China, which claims Taiwan as its territory, has carried out military exercises around the island after a visit by US House Speaker Nancy Pelosi earlier this month, followed by that of five US lawmakers on Sunday and Monday.
The Chinese military unit responsible for the area near Taiwan, the People's Liberation Army's Eastern Theatre Command, released on Monday a video of the Penghu islands, apparently taken by a Chinese air force aircraft.
Taiwan Air Force vice-chief of staff for operations Tung Pei-lun said it was Chinese information warfare, though he had no comment on who had taken the video.
"China used the exaggerated tricks of cognitive warfare to show how close it was to Penghu - which is not true," Mr Tung said.
Taiwan's Defence Ministry on Monday, in an update of Chinese air force activity near Taiwan, showed on a map that the closest Chinese aircraft to Penghu that day were four J-16 fighter jets. The jets crossed the Taiwan Strait median line - an unofficial barrier between the two sides - but stayed closer to the Chinese coast than Penghu.
Mr Tung said Taiwan had a real-time "grasp" of what was going on in the skies, and that Chinese aircraft have been operating to the north and south-west of Taiwan and across the median line.
Penghu, a summer tourist destination for its beaches, is close to Taiwan's south-western coast, unlike the Taiwan-controlled Kinmen and Matsu islands, which are right next to the Chinese coast.
Taiwan's armed forces are well-equipped but dwarfed by China's.
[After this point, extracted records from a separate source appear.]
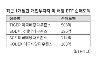 미국배당다우존스 ETF 중 순자산이 가장 큰 'TIGER 미국배당다우존스'에서는 508억원의 자금이 빠져나갔다. 주식형 ETF 중 개인투자자 순매도 3위다. SOL 미국배당다우존스에서 186억원(8위)을 팔았고, ACE 미국배당다우존스는 114억원(16위), KODEX 미국배당다우존스는 108억원(17위) 순매도가 나타났다.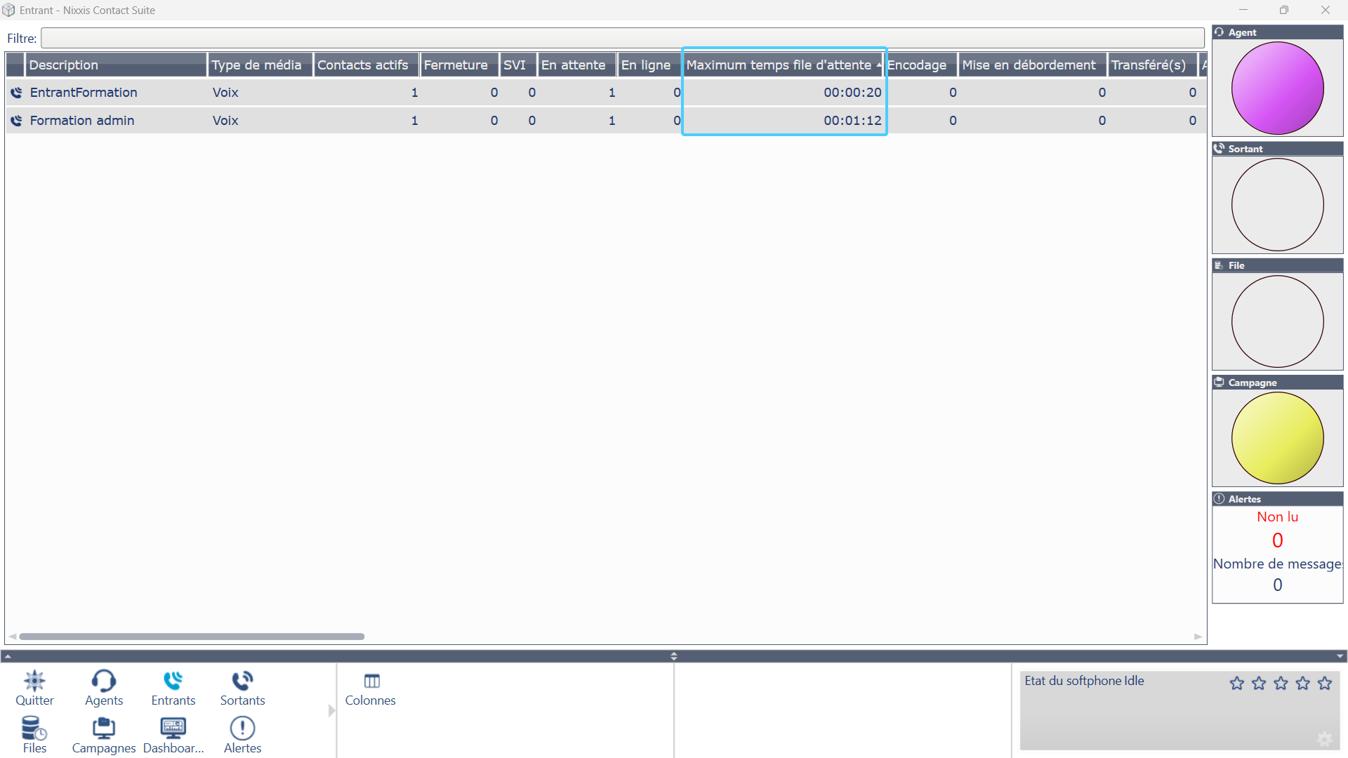 Cette configuration au niveau de la file d'attente donne la possibilité de favoriser la distribution des appels entrants sur une activité en priorité sur d'autres activités. La "Priorité Haute" permet une identification visuelle de l'appel entrant ...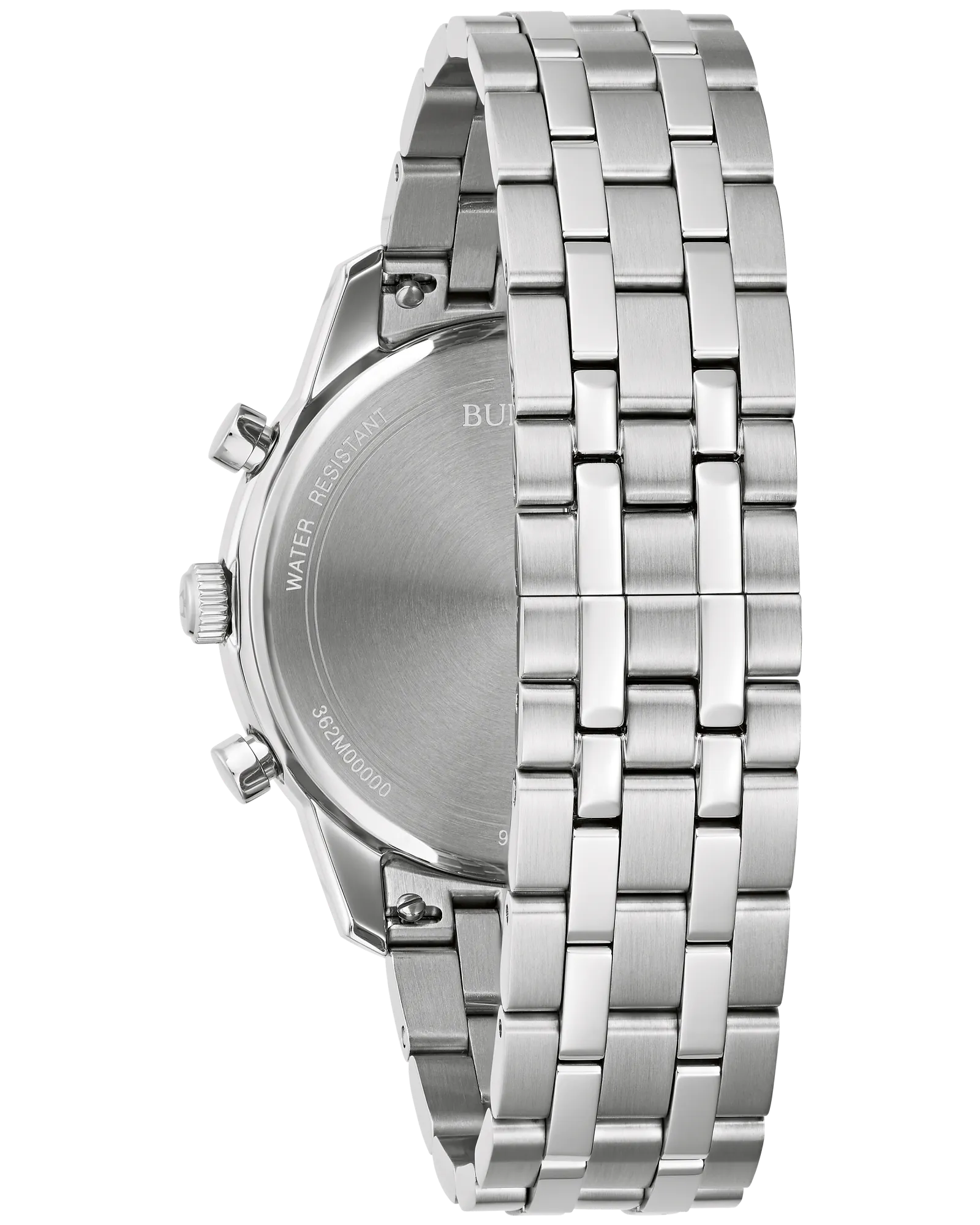 One Gents Stainless Steel 44mm Sutton Chronograph Bulova Watch. Watch has a Silver Tone Dial with Black and Blue Hour Markers on a Stainless Steel Bracelet.

The island's President Tsai Ing-wen has been overseeing a modernisation programme and has made increasing defence spending a priority.
Meanwhile, a top US military commander said yesterday that China's recent decision to fire missiles over Taiwan is a "gorilla in the room" that has to be contested.
Those exercises, in response to the US officials' visits, included firing multiple ballistic missiles into waters off Taiwan.
"It's very important that we contest this type of thing... If we just allow that to happen, and we don't contest that, that will be the next norm," the Seventh Fleet commander, Vice-Admiral Karl Thomas, said, adding that it was "irresponsible to launch missiles over Taiwan into international waters", where free shipping operates.